Look below for the line containing "Sheer black top with white flowers." and the line containing "夏裝新款女裝荷葉袖韓版薄款寬松t恤女體恤衫百搭上衣服女夏", then set down both and every line between them exactly, without pictures.

**Material supplied**.
★ ★ ★ ★
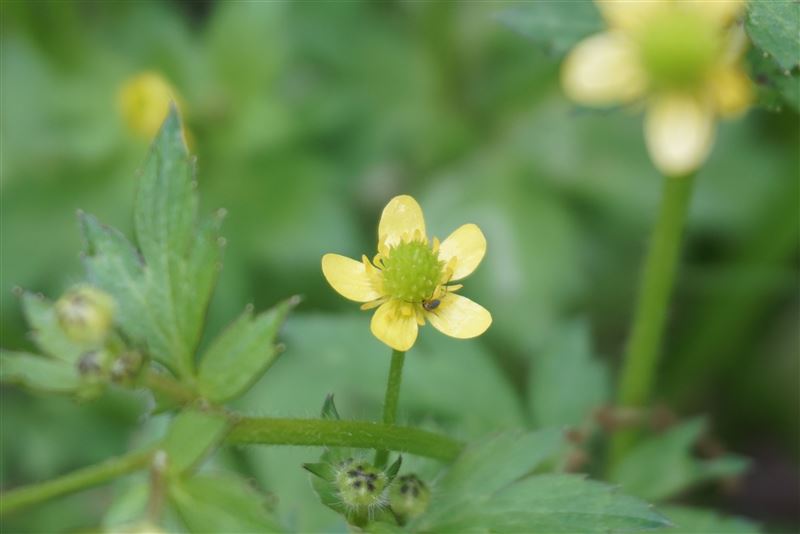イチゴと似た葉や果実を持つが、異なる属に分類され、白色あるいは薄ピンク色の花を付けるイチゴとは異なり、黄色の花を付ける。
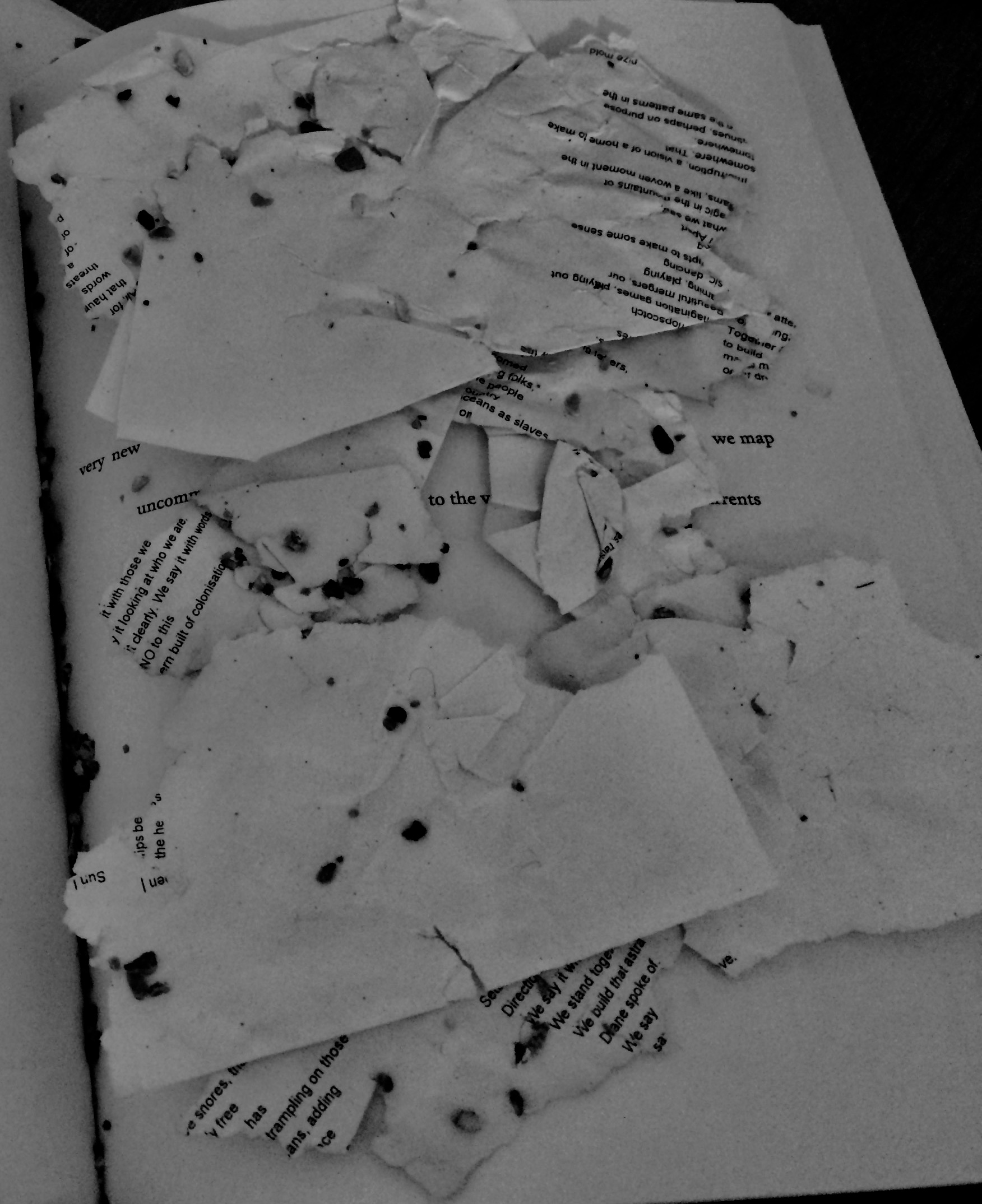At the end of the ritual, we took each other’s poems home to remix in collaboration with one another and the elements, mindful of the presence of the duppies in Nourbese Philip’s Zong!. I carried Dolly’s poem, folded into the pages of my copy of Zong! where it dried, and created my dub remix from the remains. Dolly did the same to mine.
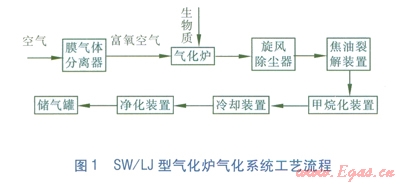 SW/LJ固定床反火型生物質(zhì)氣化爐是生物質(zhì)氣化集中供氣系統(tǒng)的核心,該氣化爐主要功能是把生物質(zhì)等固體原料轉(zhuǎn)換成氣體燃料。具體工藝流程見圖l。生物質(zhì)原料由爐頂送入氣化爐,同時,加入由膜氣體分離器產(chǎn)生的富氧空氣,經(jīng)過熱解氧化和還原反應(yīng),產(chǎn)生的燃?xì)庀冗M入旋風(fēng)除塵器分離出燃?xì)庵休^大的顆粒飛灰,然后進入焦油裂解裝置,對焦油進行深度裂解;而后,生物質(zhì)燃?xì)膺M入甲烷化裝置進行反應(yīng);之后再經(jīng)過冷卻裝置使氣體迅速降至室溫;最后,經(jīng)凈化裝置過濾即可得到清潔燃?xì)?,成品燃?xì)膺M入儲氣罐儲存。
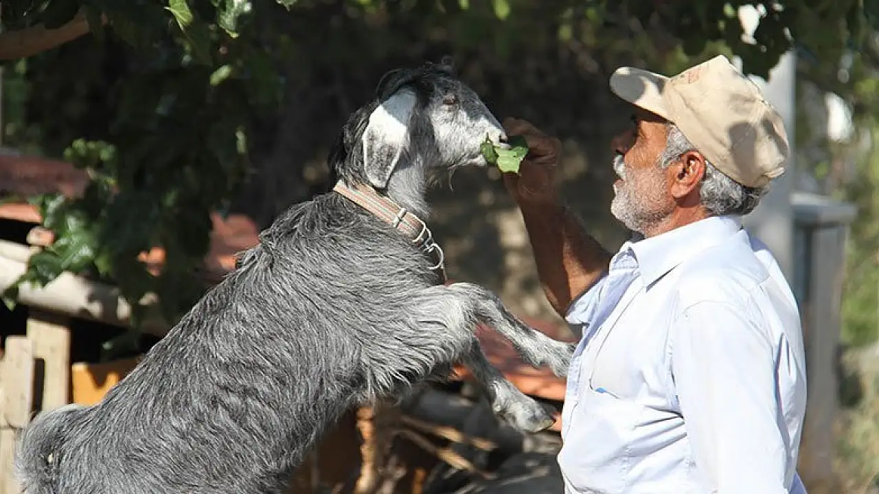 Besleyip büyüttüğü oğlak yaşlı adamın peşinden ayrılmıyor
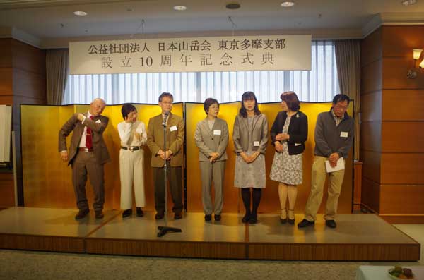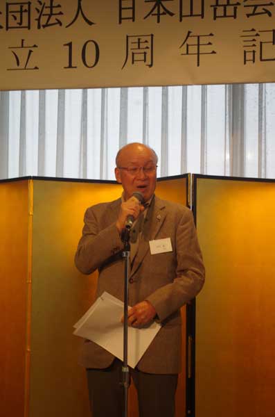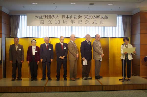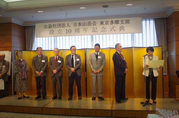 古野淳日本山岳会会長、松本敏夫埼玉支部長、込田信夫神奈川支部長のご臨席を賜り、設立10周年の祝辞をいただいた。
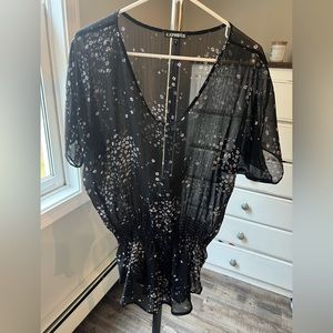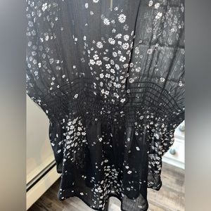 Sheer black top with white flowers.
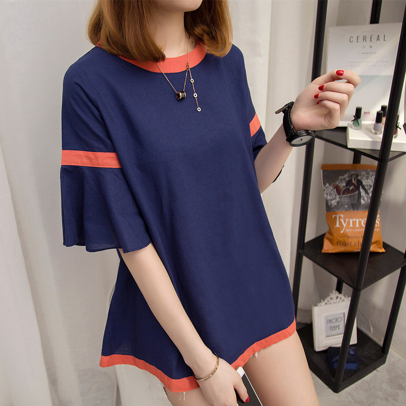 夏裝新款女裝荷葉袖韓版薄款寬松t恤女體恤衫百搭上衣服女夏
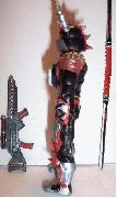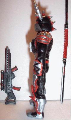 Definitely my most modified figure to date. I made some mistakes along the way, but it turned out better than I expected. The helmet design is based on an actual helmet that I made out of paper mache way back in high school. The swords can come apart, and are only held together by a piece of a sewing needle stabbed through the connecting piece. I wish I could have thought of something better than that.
★ ★ ★ ★
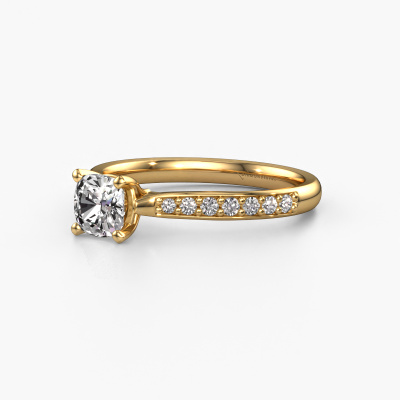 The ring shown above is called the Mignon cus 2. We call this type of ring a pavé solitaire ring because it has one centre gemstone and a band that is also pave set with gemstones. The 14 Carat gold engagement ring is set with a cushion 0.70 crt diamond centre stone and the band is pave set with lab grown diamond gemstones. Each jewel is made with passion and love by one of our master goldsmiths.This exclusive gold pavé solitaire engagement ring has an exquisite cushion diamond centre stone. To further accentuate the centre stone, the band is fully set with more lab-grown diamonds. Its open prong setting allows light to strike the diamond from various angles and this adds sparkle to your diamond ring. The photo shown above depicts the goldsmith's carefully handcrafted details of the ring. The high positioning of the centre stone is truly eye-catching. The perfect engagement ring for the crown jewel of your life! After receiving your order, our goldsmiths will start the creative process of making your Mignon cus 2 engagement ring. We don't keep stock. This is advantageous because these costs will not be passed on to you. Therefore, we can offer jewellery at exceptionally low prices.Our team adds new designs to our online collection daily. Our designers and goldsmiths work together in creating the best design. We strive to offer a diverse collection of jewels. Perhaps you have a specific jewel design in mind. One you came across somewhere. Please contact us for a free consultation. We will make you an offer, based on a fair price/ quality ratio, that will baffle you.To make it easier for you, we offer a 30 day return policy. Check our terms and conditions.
★ ★ ★ ★
**Solution to this task**.
 Sheer black top with white flowers.
 夏裝新款女裝荷葉袖韓版薄款寬松t恤女體恤衫百搭上衣服女夏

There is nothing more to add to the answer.